- Task details
From the line with "13. Animal Print Almond Nails" to the line with "Witam serdecznie. przedmiotem", output every line below exactly, both ends included. Skip the pictures.

- Exercise materials
----

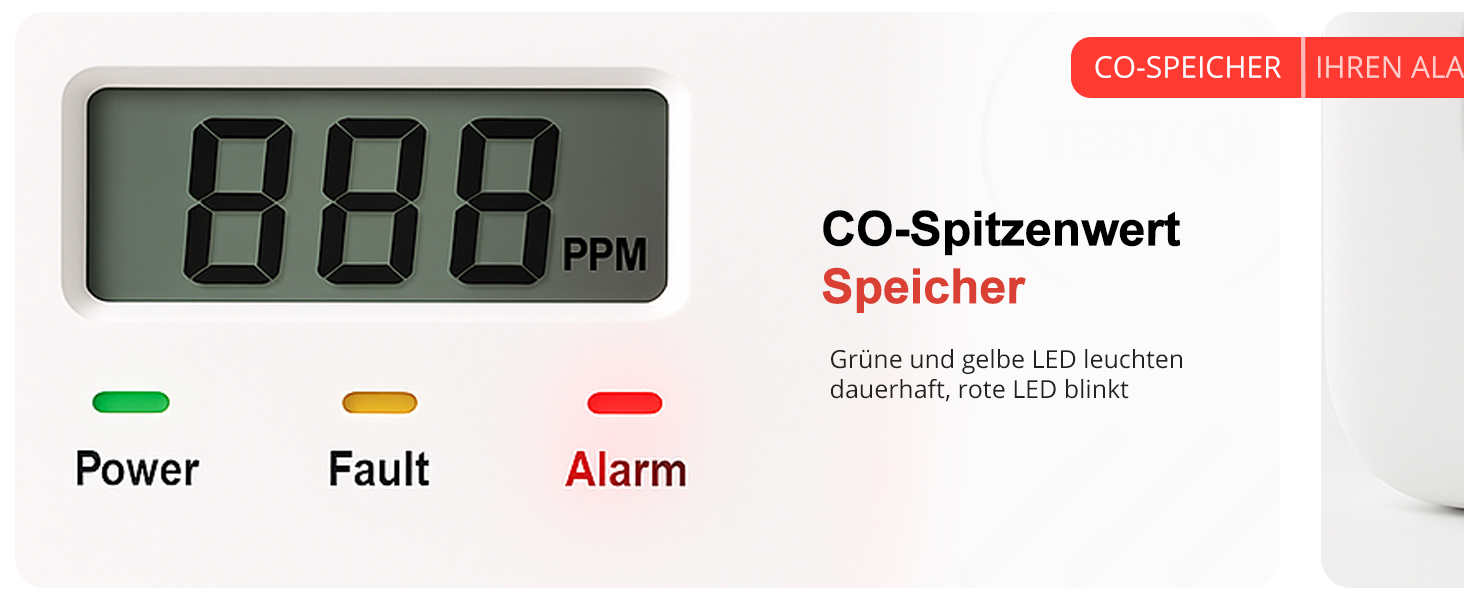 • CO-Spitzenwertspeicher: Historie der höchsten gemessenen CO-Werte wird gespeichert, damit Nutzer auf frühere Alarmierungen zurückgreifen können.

----

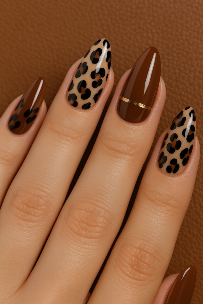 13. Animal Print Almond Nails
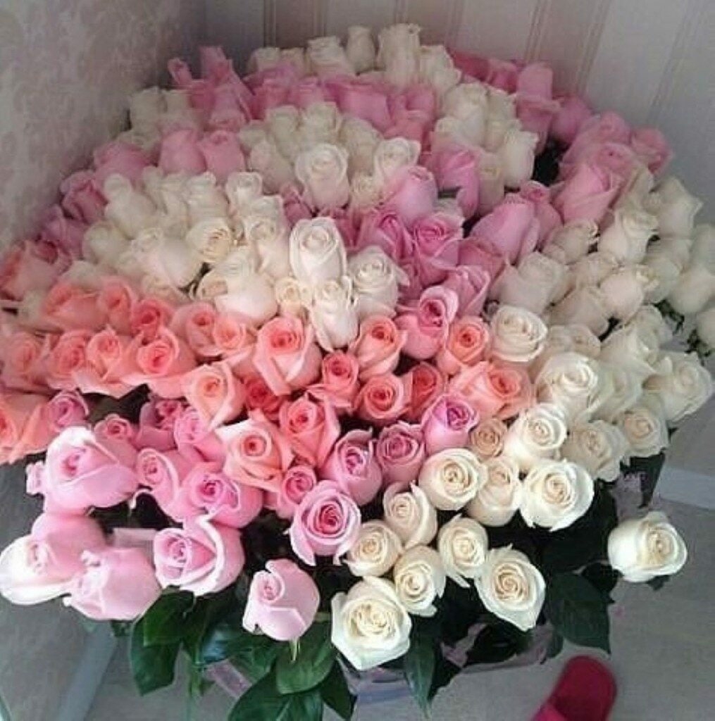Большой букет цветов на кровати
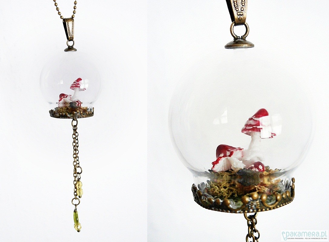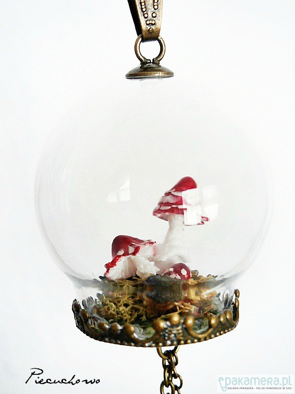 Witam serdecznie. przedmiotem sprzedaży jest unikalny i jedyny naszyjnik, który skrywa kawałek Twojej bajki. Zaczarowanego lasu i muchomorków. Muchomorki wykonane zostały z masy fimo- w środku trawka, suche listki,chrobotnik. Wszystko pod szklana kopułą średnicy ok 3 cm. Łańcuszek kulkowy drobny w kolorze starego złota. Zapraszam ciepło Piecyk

----

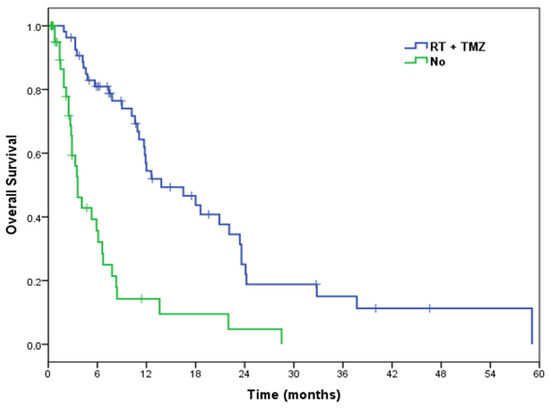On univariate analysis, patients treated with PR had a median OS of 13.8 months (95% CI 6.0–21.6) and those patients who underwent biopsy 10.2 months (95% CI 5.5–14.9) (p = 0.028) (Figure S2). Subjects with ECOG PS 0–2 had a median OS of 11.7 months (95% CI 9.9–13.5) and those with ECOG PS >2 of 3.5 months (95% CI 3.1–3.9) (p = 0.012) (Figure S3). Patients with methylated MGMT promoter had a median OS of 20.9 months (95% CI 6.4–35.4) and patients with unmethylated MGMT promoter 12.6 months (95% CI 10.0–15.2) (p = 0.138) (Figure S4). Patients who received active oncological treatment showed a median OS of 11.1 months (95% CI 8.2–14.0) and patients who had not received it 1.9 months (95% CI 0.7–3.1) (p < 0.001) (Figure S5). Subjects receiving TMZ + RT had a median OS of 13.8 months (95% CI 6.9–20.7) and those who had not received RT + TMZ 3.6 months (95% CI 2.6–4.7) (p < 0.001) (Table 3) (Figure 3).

----

- Output of the task
 13. Animal Print Almond Nails
Большой букет цветов на кровати
 Witam serdecznie. przedmiotem sprzedaży jest unikalny i jedyny naszyjnik, który skrywa kawałek Twojej bajki. Zaczarowanego lasu i muchomorków. Muchomorki wykonane zostały z masy fimo- w środku trawka, suche listki,chrobotnik. Wszystko pod szklana kopułą średnicy ok 3 cm. Łańcuszek kulkowy drobny w kolorze starego złota. Zapraszam ciepło Piecyk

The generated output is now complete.